Stored items:
-*-

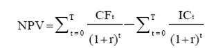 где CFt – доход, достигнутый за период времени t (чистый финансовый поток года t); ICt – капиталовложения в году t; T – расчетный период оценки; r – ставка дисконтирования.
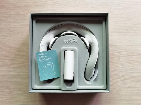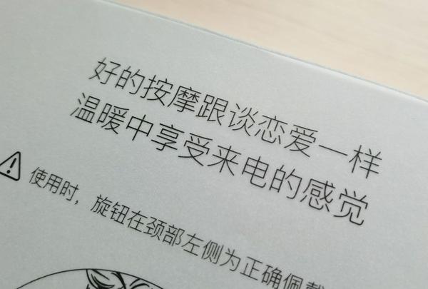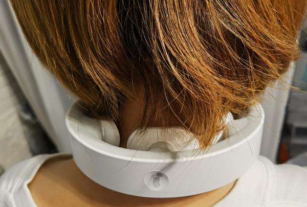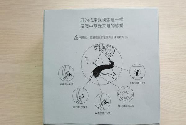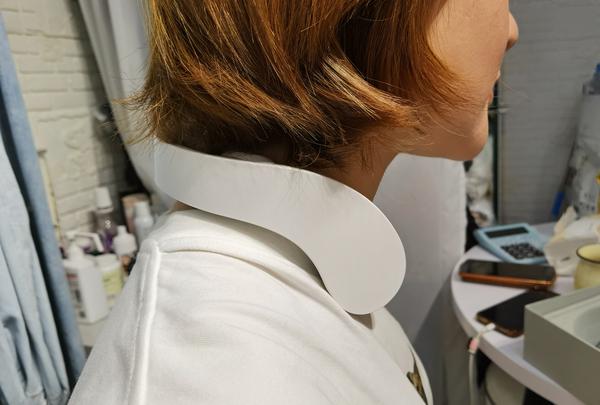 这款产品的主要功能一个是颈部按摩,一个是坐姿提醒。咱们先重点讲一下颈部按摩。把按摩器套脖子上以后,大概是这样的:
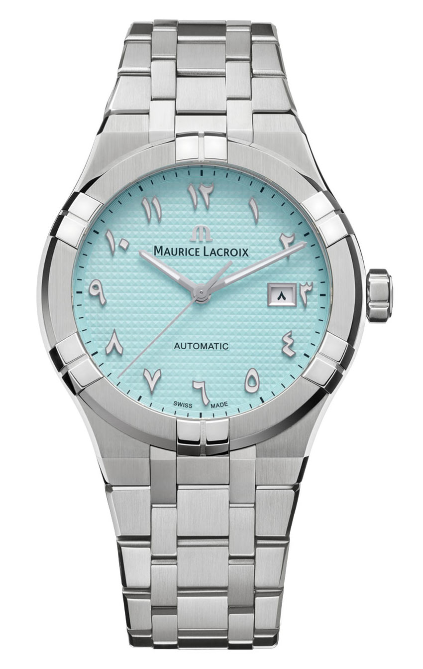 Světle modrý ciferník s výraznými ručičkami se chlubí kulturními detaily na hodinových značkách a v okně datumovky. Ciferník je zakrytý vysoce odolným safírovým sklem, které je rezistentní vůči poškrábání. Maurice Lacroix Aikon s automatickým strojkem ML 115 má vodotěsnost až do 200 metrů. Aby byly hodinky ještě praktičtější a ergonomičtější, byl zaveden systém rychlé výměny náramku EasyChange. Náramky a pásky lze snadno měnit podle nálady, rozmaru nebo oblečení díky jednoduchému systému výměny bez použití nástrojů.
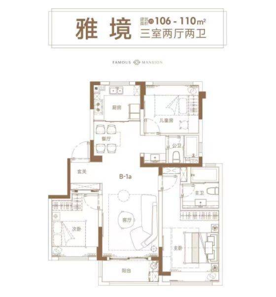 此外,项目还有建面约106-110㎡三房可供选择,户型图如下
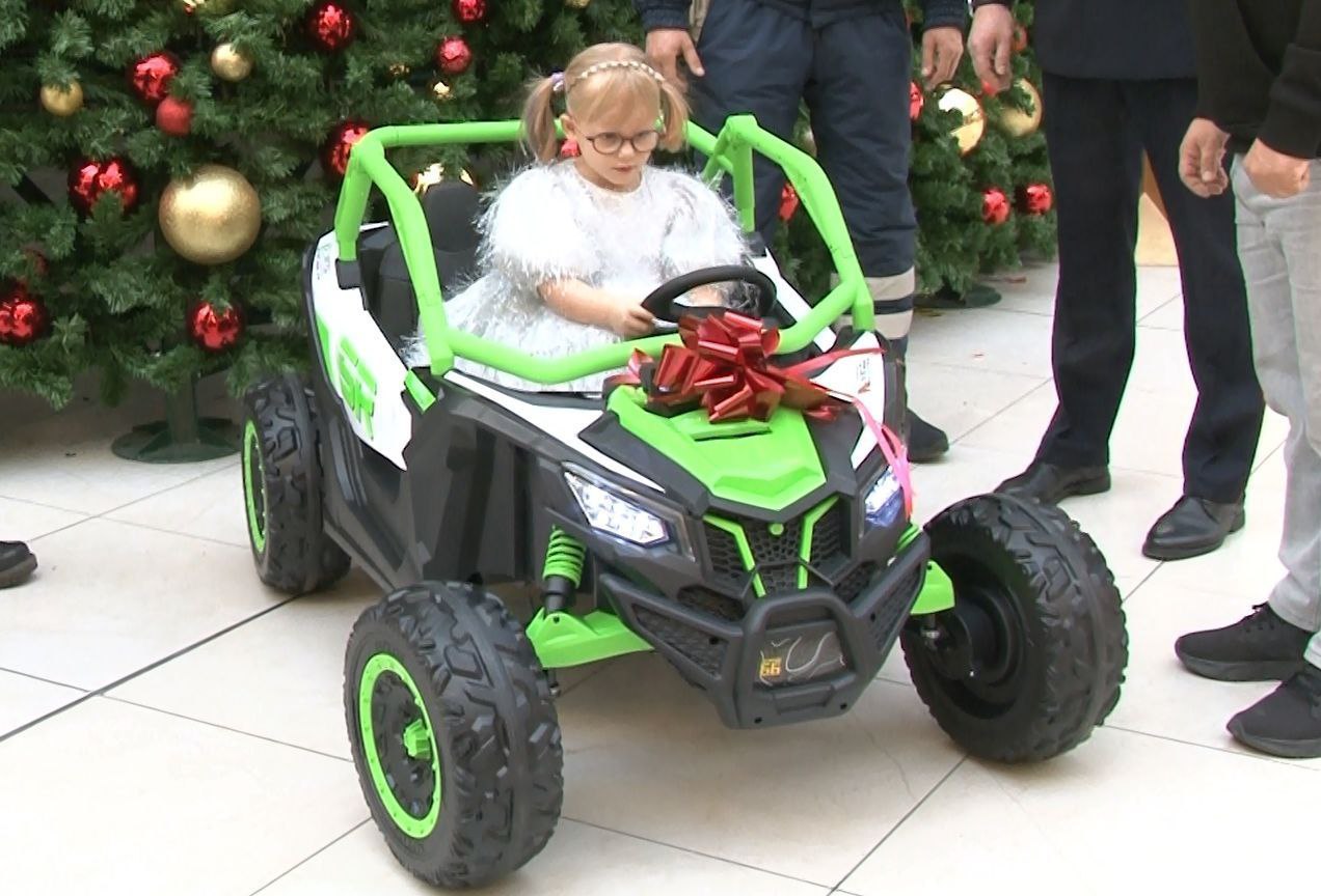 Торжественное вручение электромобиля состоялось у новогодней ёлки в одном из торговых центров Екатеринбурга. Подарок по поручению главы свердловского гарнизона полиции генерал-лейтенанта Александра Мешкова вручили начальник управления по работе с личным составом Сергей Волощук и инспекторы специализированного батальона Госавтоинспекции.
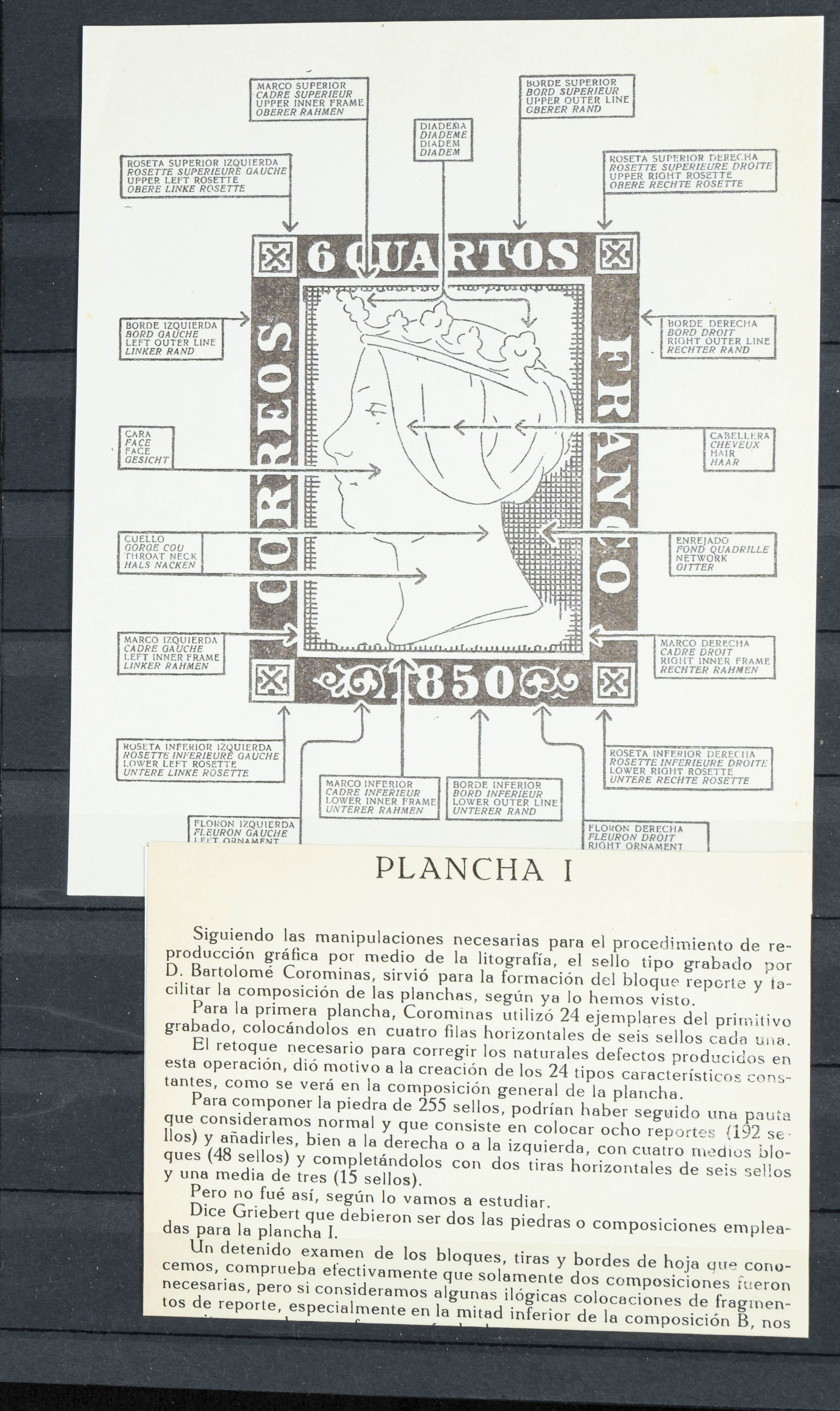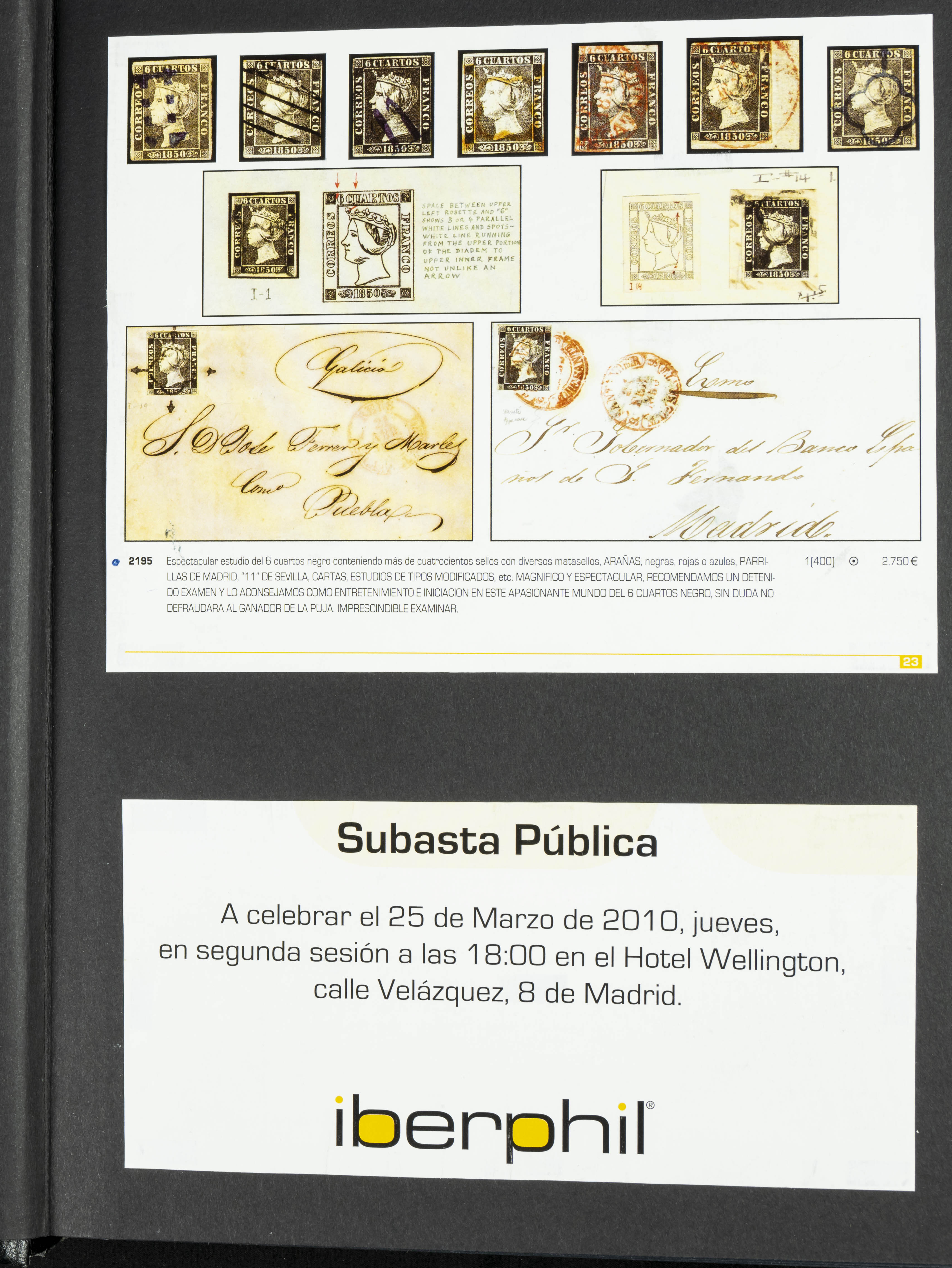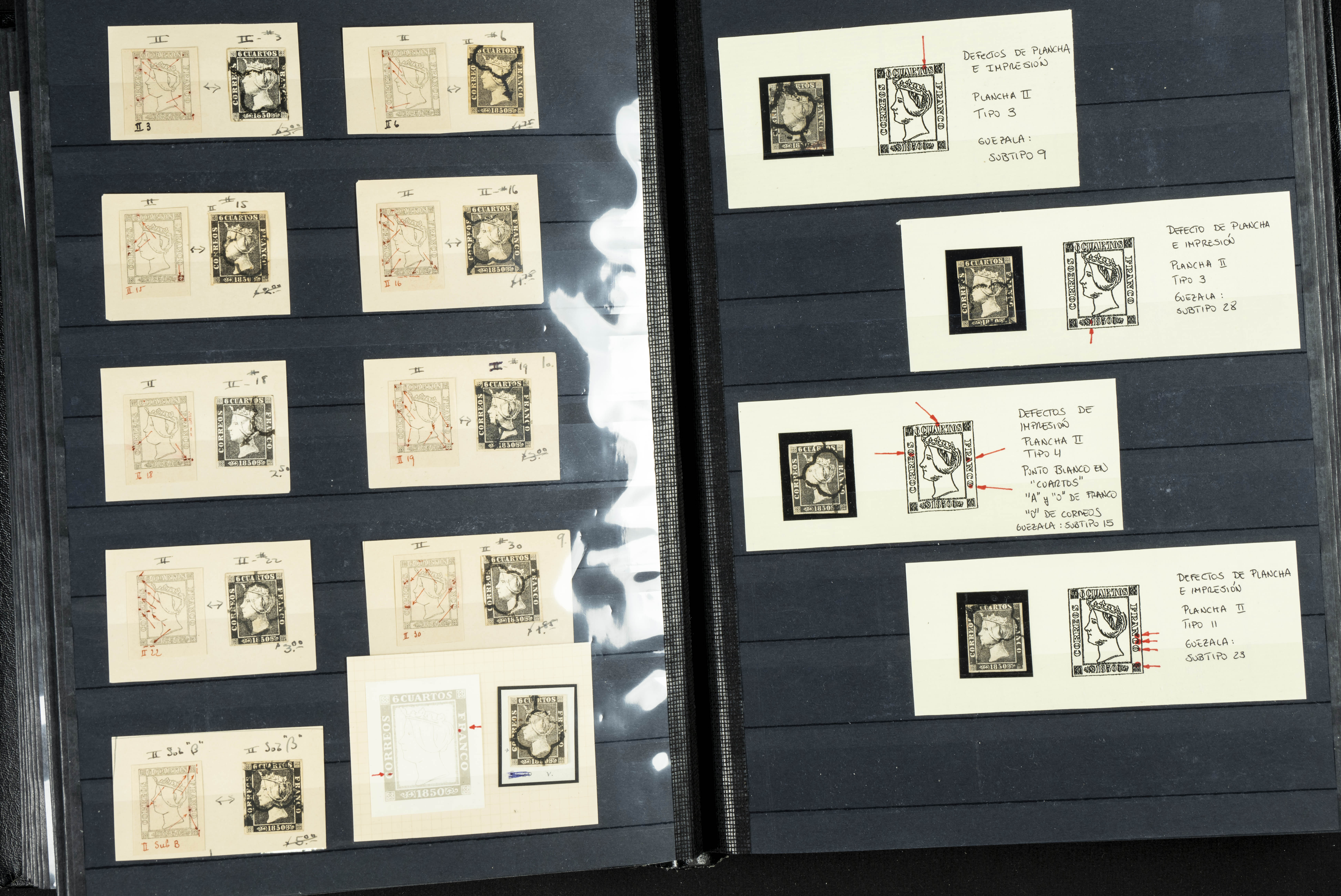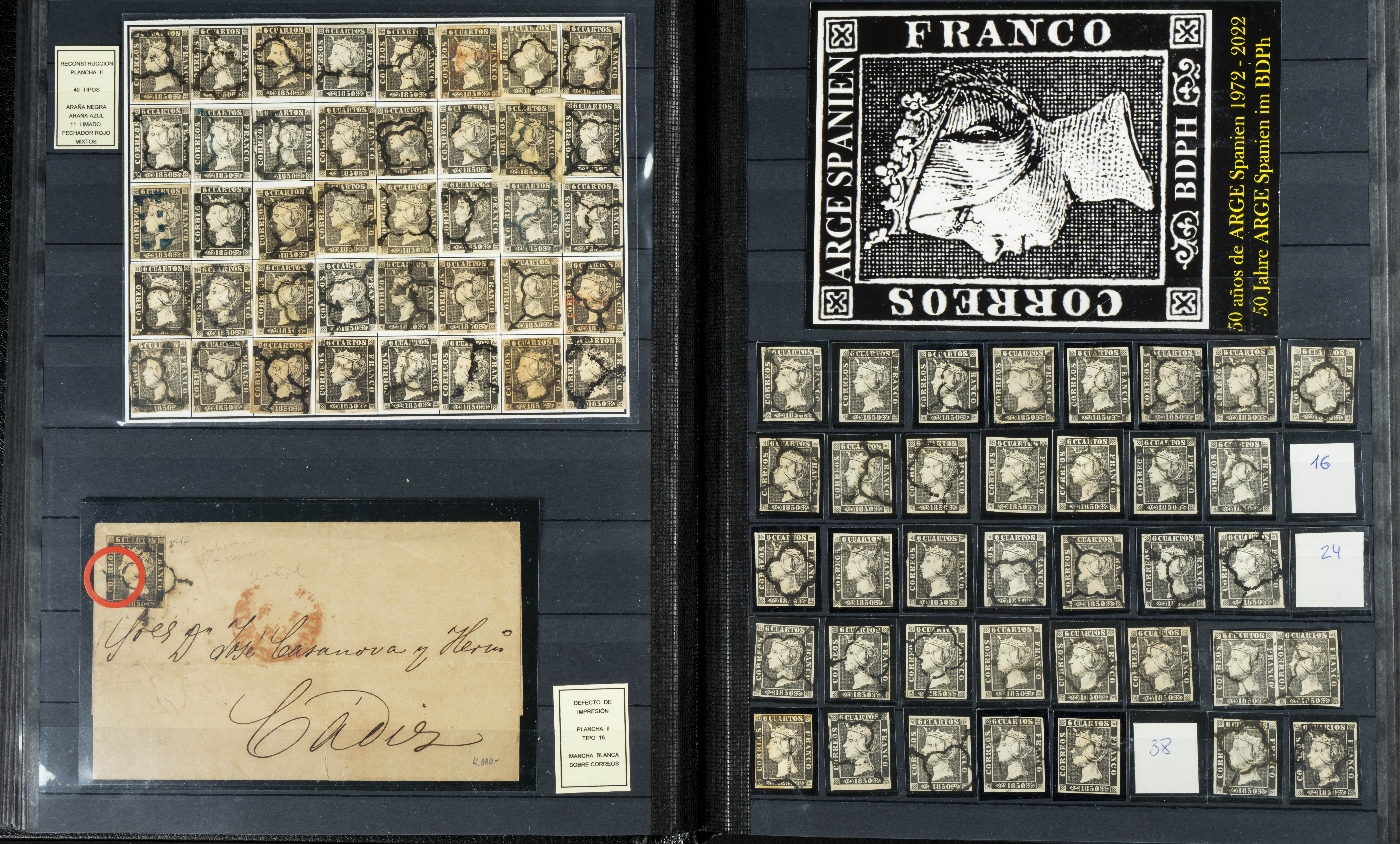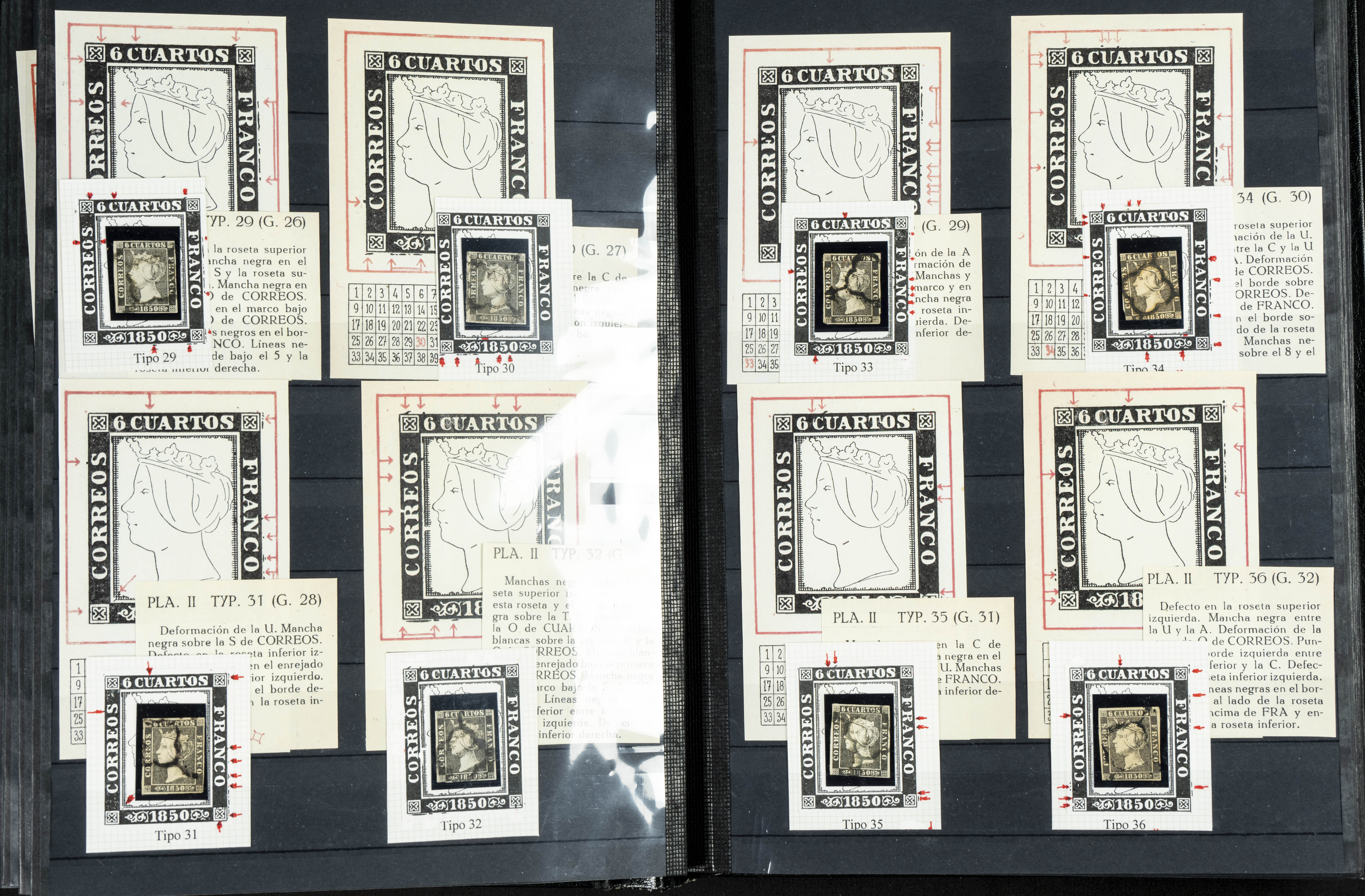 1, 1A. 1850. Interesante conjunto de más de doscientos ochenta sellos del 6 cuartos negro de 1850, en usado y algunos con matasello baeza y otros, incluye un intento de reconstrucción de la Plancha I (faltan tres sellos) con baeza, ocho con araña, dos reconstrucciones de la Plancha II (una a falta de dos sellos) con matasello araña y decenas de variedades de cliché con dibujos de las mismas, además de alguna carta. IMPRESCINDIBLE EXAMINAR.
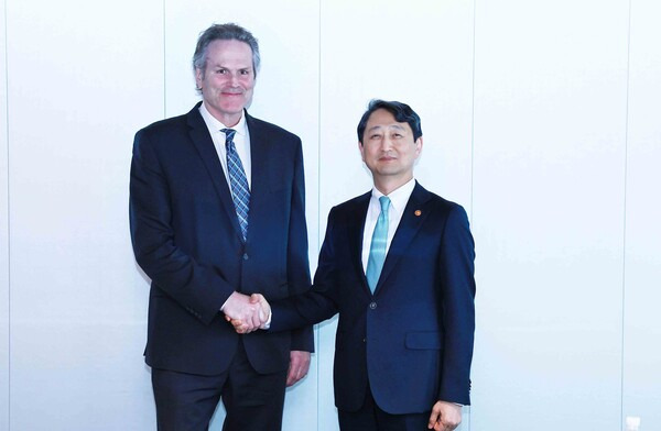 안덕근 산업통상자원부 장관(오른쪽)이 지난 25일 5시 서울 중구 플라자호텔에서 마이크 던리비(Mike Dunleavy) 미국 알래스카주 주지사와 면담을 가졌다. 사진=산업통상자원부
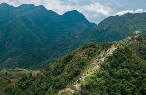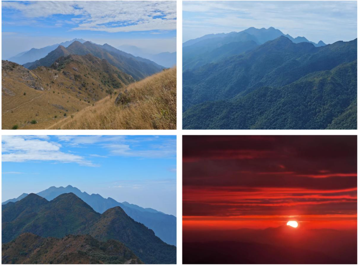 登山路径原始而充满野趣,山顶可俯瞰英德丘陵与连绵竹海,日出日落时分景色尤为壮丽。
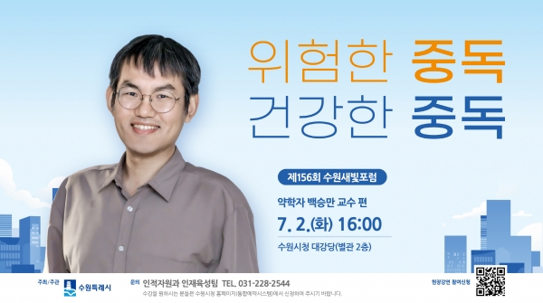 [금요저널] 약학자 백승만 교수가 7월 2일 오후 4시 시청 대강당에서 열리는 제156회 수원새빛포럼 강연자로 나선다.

-*-

Task item: All lines from the one containing "登山路径原始而充满野趣,山顶" through the end of the entries above must be given again exactly, with every picture omitted.

Completed task:
 登山路径原始而充满野趣,山顶可俯瞰英德丘陵与连绵竹海,日出日落时分景色尤为壮丽。
 [금요저널] 약학자 백승만 교수가 7월 2일 오후 4시 시청 대강당에서 열리는 제156회 수원새빛포럼 강연자로 나선다.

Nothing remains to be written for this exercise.